If pictures appear in the lines below, skip them and copy exactly the lines from the one containing "昨日,bat365在线平台官" through the one containing "(modellfüggő töltési teljesítménnyel)", and nothing else.

### RECORDS PROVIDED

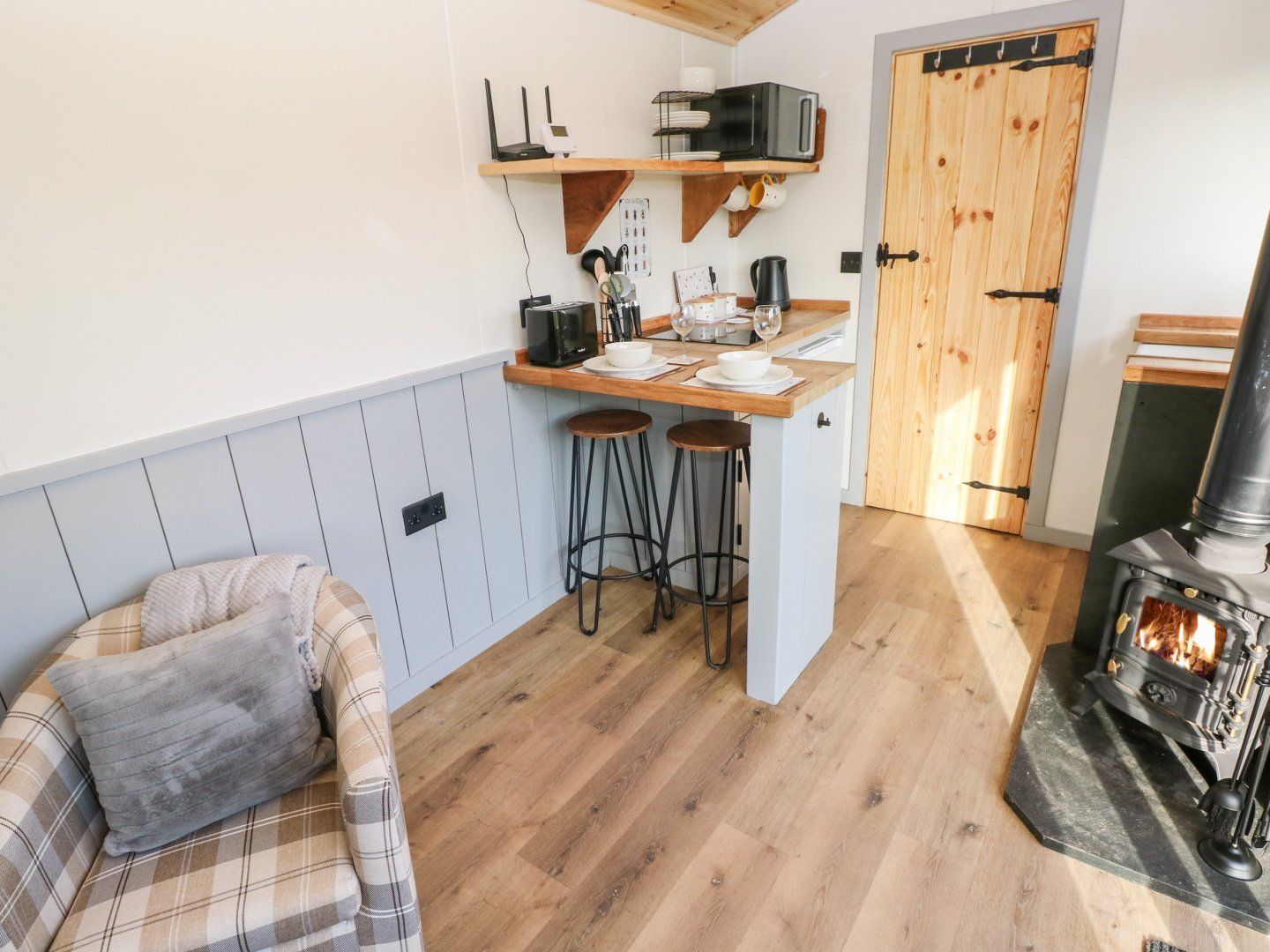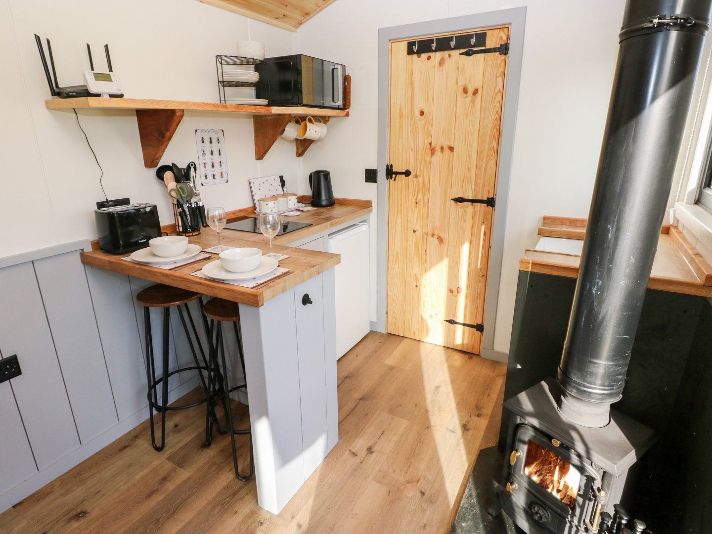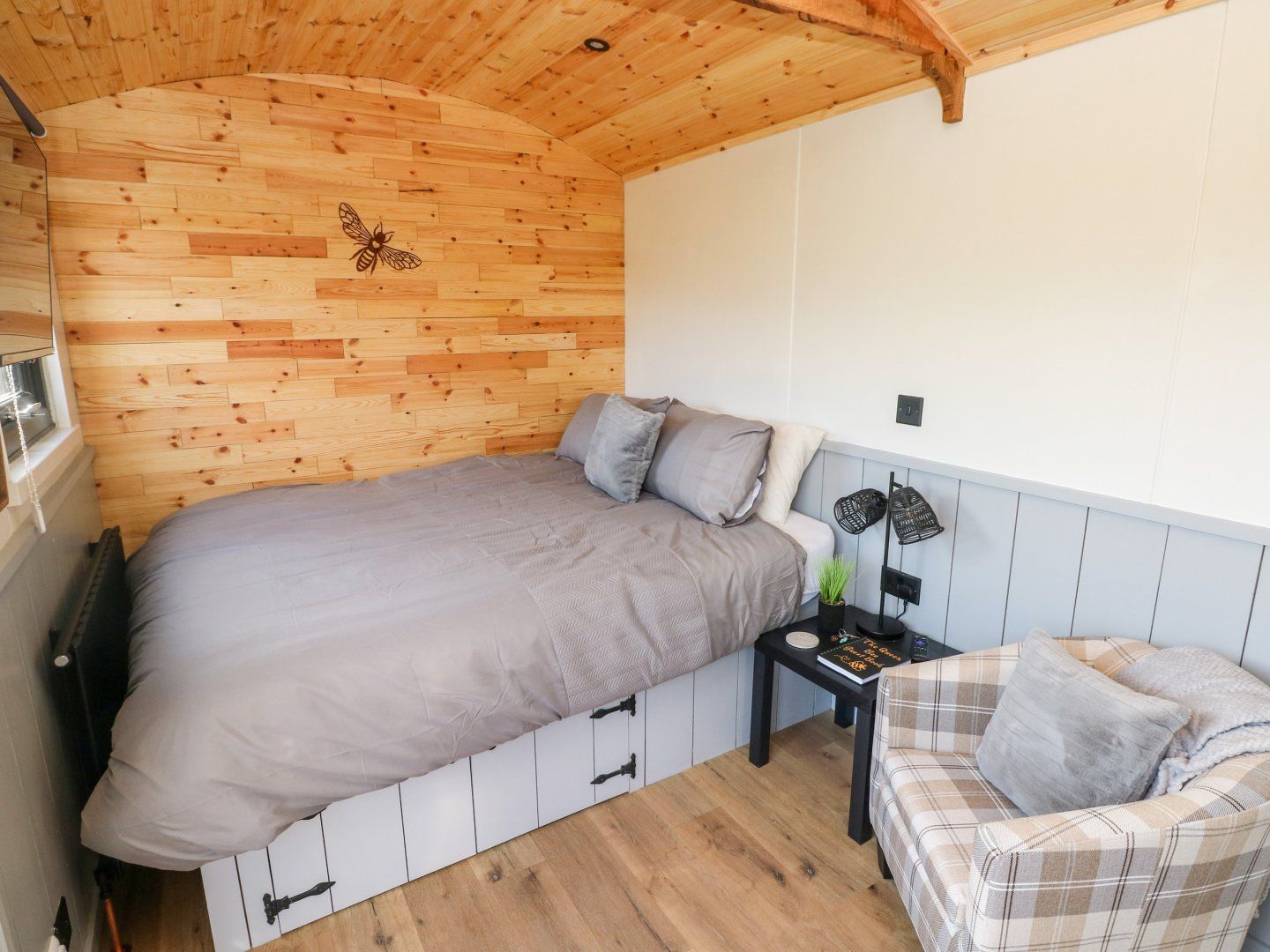 The living areas in this single-storey shepherd's hut consists of a studio-style layout with kitchenette, dining area, and sitting area with a combi microwave/oven, two-ring halogen hob, fridge, Smart TV, woodburning stove, and a king-size bed. There's also a shower room. Outside there is a private decked area with furniture, a shared lawned area, and off-road parking for one car. Park up to the front of the plot and travel down through the shared lawn, enjoying your rural position. Within 1.2 miles you will find a shop and a pub and please note, this is a smoke-free property. One well behaved dog welcome but must be kept on the lead and under control as there are animals in the vicinity. WiFi, fuel, power, bed linen and towels are all included in the price. The Queen Bee is a wonderful escape for a romantic break to Pembrokeshire. Note: There are steps to the exterior of the property.
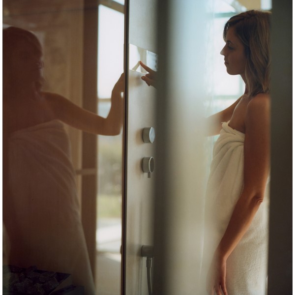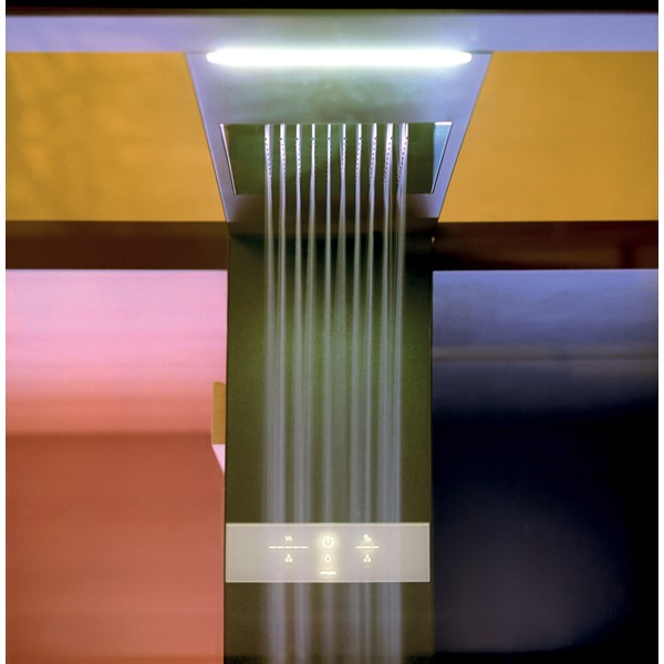 Πλήκτρα αφής: μια κεντρική στήλη περιέχει τα φωτιστικά οθόνης με φωτισμό στο πίσω μέρος για τη σάουνα, το χαμάμ και τη θεραπεία χρωμάτων.
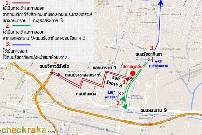 ภาพรวมเส้นทางการเดินทางเข้า-ออกตามถนนหลักโซนรัขดาฯ-สถานทูตจีน
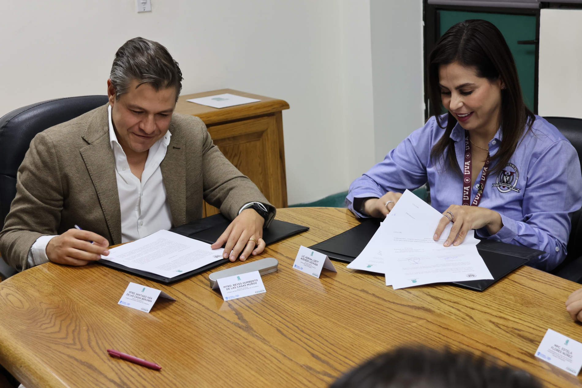 El acuerdo fue firmado por el director general del Cobach, Reyes Humberto de las Casas Muñoz, y la directora general de la Universidad Vizcaya de las Américas, Korina Lizett Acevedo Lechuga.
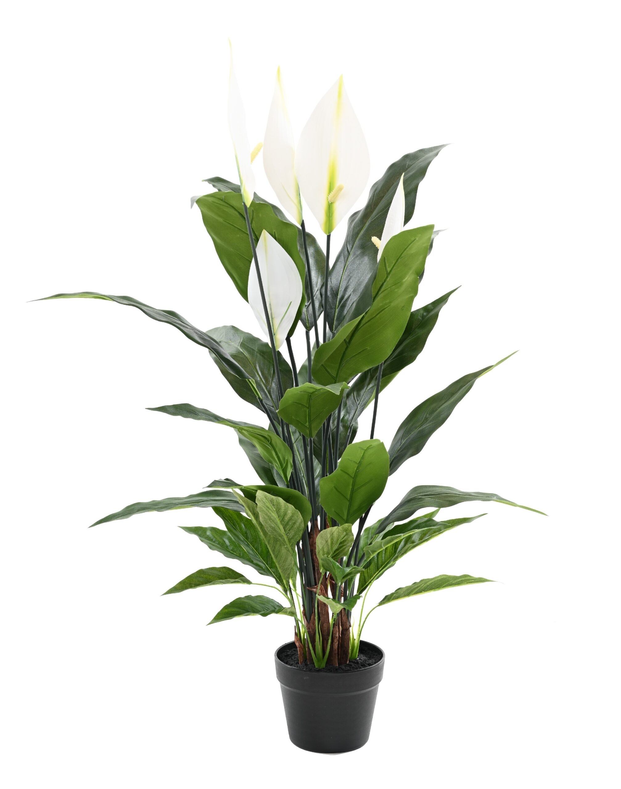 Entdecken Sie die Spathiphyllum, oft als Friedenslilie bezeichnet, eine attraktive und unkomplizierte Kunstpflanze, die jedem Interieur eine entspannende Note verleiht. Ihre anmutigen, weissen Hochblätter und das kräftige Grün der Blätter machen sie zu einem besonderen Blickfang. Sie ist die perfekte Lösung für alle, die das frische Flair von Pflanzen schätzen, aber den Pflegeaufwand einer echten Pflanze vermeiden möchten.
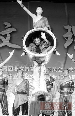 昨日,bat365在线平台官网登录体育馆,女演员把一学生装进大缸中蹬起并转动。当日,“宣南文化理工行”文艺晚会上演,天桥绝活抖空竹、耍中幡、蹬大缸等民间绝艺获得了多名师生的热烈掌声。
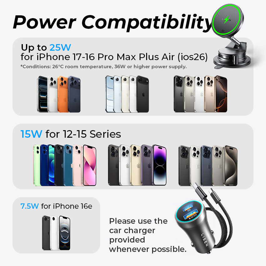 • iPhone 17, 16, 15, 14, 13 és 12 széria (modellfüggő töltési teljesítménnyel)
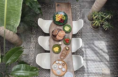 The house has been sympathetically restored, retaining all the original features such as the sandstone columns, thuya wood ceilings and the antique tiled floor of the inner courtyard. It is furnished with a mix of vintage & modern European furniture and art, with some beautiful Moroccan antiques and paintings by local artists, alongside works by contemporary British artists. Split over four floors, the house has two garden roof terraces; one with a kitchen and bar - great for outside dining and looking out across the medina rooftops, the other terrace is perfect for late afternoon sun. There are four double bedrooms, all with en-suite wet room bathrooms, and two cosy snug lounge rooms with large open fireplaces, and comfortable chairs. The bright covered courtyard dining area with a large dining table seating eight, is surrounded by mature plants, and is located next to the fully equipped kitchen, ideal for long lazy breakfasts, and dinner at home.
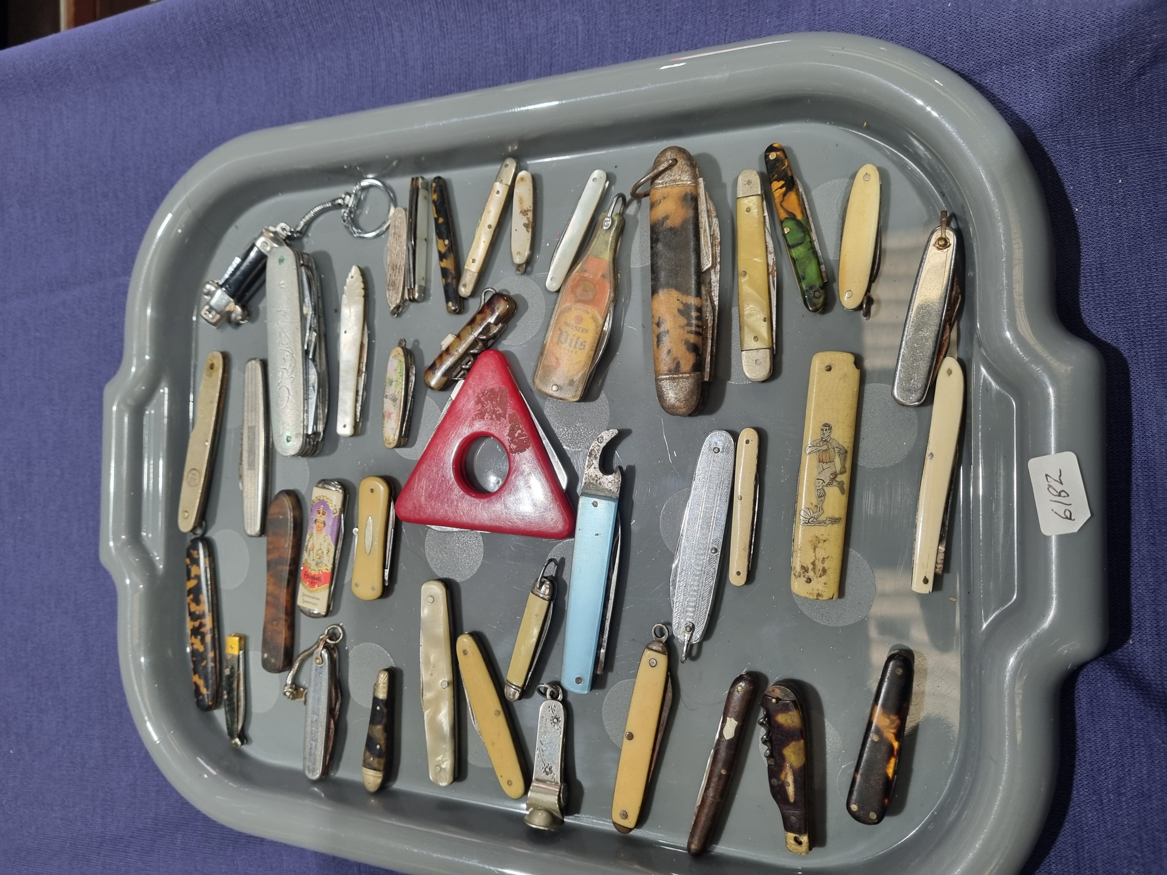 This lot consists of approximately 32 vintage and antique folding pocket knives and specialized small tools. The collection includes a variety of forms such as traditional penknives, novelty advertising pieces, and commemorative items. Notable examples include a bottle-shaped advertising knife for Holsten Pils, a souvenir knife for the Coronation of Queen Elizabeth II dated June 2nd 1953, and a rectangular cream-handled knife featuring a graphic of a football player. The assortment features various handle materials including mother-of-pearl, faux pearl, celluloid with faux tortoiseshell patterns, bone, and embossed metal with scrollwork decoration. Specialized implements within the group include a red triangular tool, a small metal whistle, corkscrews, and bottle openers. The blades are constructed from steel with various folding mechanisms.
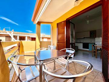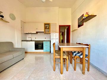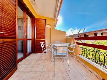 VILLASIMIUS - In via Tasso, in zona residenziale pianeggiante e vicina ai servizi, all'interno di uno stabile ben costruito e ottimamente curato, trivano capo schiera al piano primo con tripla esposizione. Attraverso una comoda scala di proprietà esclusiva, si raggiunge la veranda frontale, utile come spazio esterno da utilizzare per piacevoli momenti di convivialità. Con affaccio sull'esterno, trova spazio un soggiorno-pranzo di forma regolare dotato di parete cottura, tavolo da pranzo e divano e collegato attraverso un corridoio ai restanti ambienti della casa. Adiacente alla cucina trova spazio il bagno finestrato con doccia, seguito dalla prima camera da letto di dimensioni sufficienti ad accogliere un letto matrimoniale. La seconda camera da letto, di ampiezza più generosa, vanta anche un balcone di pertinenza esclusiva. A completare la proprietà, nell'interrato, un box auto chiuso compreso. L'immobile si presenta in ottime condizioni, è completamente climatizzato, e viene venduto arredato. Si consiglia la soluzione a chi è alla ricerca di una residenza estiva o di un investimento dalle ottime rendite e con costi di gestione bassi. Costi condominiali preventivati: 300 euro all'anno.
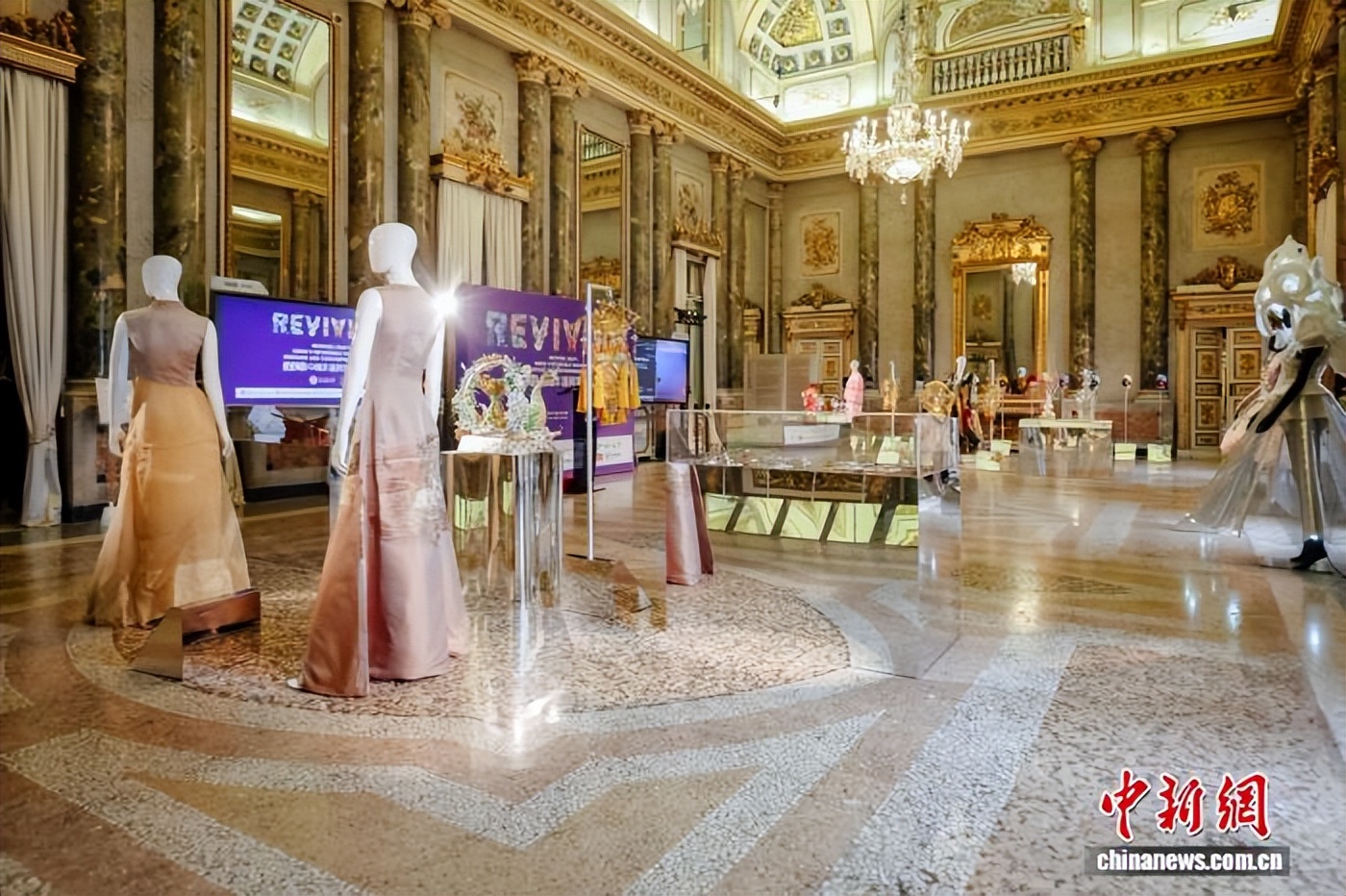 图为“相逢·宴会”展区,以“开放与包容”为基调,通过服饰、珠宝与数字艺术作品,重现文明相遇的璀璨时刻。展览主办方 供图
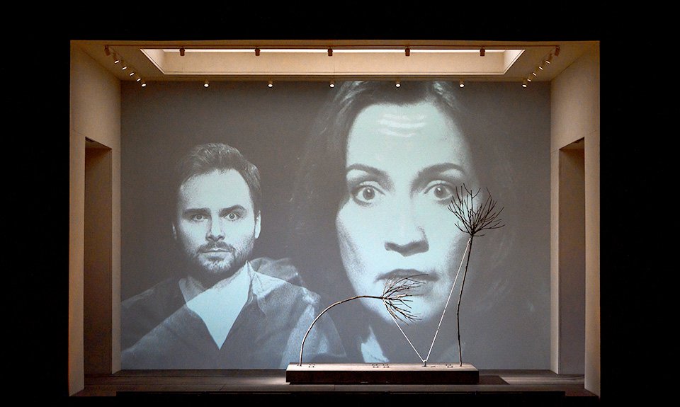 Пролог, он же увертюра, в этом смысле скорее разочаровал — зрителям выкатили «Черный квадрат» на стеночке, который в какой-то момент сорвался с гвоздя и криво повис — так, конечно, бывает в музее, но редко. Казалось, что и дальше публику будут потчевать набившими оскомину шедеврами из джентльменского набора «все, что вы должны знать о современном искусстве», но нет — далее последовали трудно опознаваемые объекты, скульптуры, фото и видео, про которые точно можно было сказать только то, что они похожи на типичные экспонаты с какой-нибудь биеннале. То вдруг возникала идиллическая видеокартинка летнего пейзажа, напоминающая о хрестоматийном Шишкине, в которой незаметно для глаза перемещалось деревце, то внезапно в драматическом дуэте появлялась ярко-желтая гигантская туфля с каблуком-лестницей, то какой-то лежащий на боку железный дровосек или огромный фиолетовый мозг. Все эти штуковины, медленно перемещавшиеся по сцене на невысоких подиумах, как будто въяве воплощая идею передвижных выставок, спорили за внимание с черно-белыми проекциями лиц исполнителей главных ролей на заднике, попадавших в камеру так, как будто они готовятся сделать селфи, полуслучайно, но очень крупно — так, что видны любые мимические нюансы. Отсутствие нарочитого театрального грима и исторических костюмов — все исполнители были в обычной одежде — явно подчеркивало желание авторов спектакля приблизить действие к нашим дням, сделать акцент на универсальности музыкальной классики.
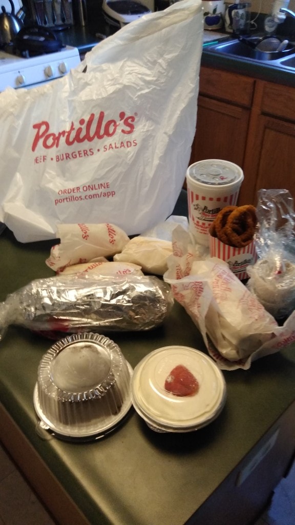 Despite my love of cooking and the fact that I’m really pretty good at it, I’ve never wanted to eat out so bad in my life. So much so, that (for the first time) I braved the “gig culture economy” and paid the extortionist Doordash fees and bought two of the most expensive Chicago dogs I will ever buy in my life from Portillos one night. Well, in full disclosure, I “bought” two dogs, and an order of chicken fingers with fries for the kiddo for something like $30 after fees and tips. I “received” the Gray family’s dinner for five: Two italian sausage sandwiches, one chicago dog, one combo beef sandwich, one Big Beef sandwich, and order of onion rings, a chocolate cake, a strawberry shortcake, and a large coke.

######

COMPLETED EXERCISE:
 昨日,bat365在线平台官网登录体育馆,女演员把一学生装进大缸中蹬起并转动。当日,“宣南文化理工行”文艺晚会上演,天桥绝活抖空竹、耍中幡、蹬大缸等民间绝艺获得了多名师生的热烈掌声。
 • iPhone 17, 16, 15, 14, 13 és 12 széria (modellfüggő töltési teljesítménnyel)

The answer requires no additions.